MONDAY, July 8, 2024 (HealthDay News) — A natural language processing-assisted review is feasible for surveillance of health care-associated violence (HAV) episodes, according to a study published online July 8 in Pediatrics.

Mark Waltzman, M.D., from Boston Children’s Hospital, and colleagues examined the feasibility of using nursing notes to identify underreported HAV episodes by extracting notes across inpatient units at two hospitals for 2019. A workflow for narrative data processing using a natural language processing-assisted manual review process was performed by a nurse and a physician. The models were trained on a pediatric tertiary care center and validated on data from a community hospital. To assess reporting completeness of new cases, these methods were applied to real-time data for 2022.

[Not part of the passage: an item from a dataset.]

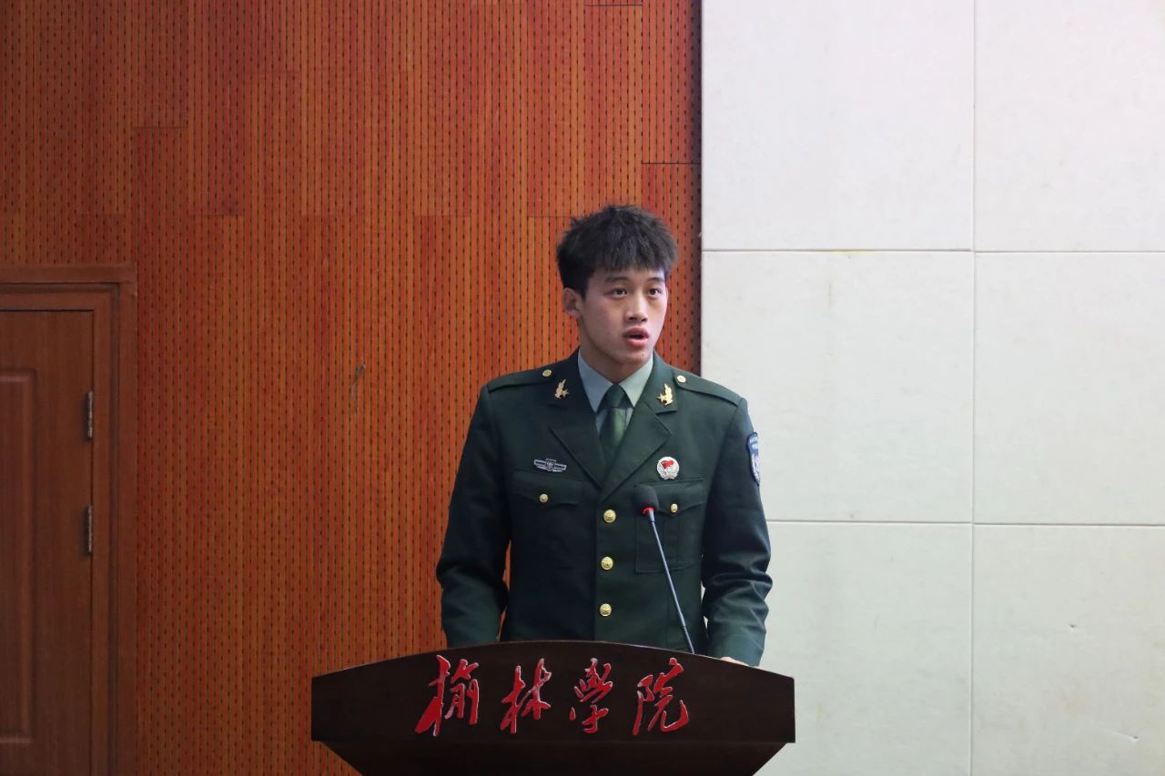 榆林公司退役军人协会宣讲员马子依,通过讲演PPT的形式,对军旅生活、入伍政策进行介绍。马子依通过对部队驻地、文体活动、餐厅伙食的展示,以及近年来国家与地方的入伍政策的阐述,帮助同学们更详尽的了解到军队内部生活条件和相关入伍、优惠及培养政策。马子依还鼓励同学们,参军不仅能收获一段宝贵的人生经历、得到一份社会认可的工作履历,还能锻炼一副强健的体魄,参军光荣,入伍光荣。

A total of 70,981 notes from the tertiary care center were used for model building, and 19,332 notes from the community hospital were used for external validation. The researchers found that compared with manual review, the final community hospital model sensitivity and specificity were 96.8 and 47.1 percent, respectively. Thirty-one HAV episodes were identified in July to December 2022, 26 of which were reportable in accordance with the internal criteria of the hospital. Seven of these 26 cases were self-reported by employees, all of which were identified by the surveillance process.

“Our findings suggest that nurses are documenting elements they feel are pertinent to safe care, yet these events remain underreported in the existing safety infrastructure, similar to under-reporting of patient safety events and medical errors,” the authors write.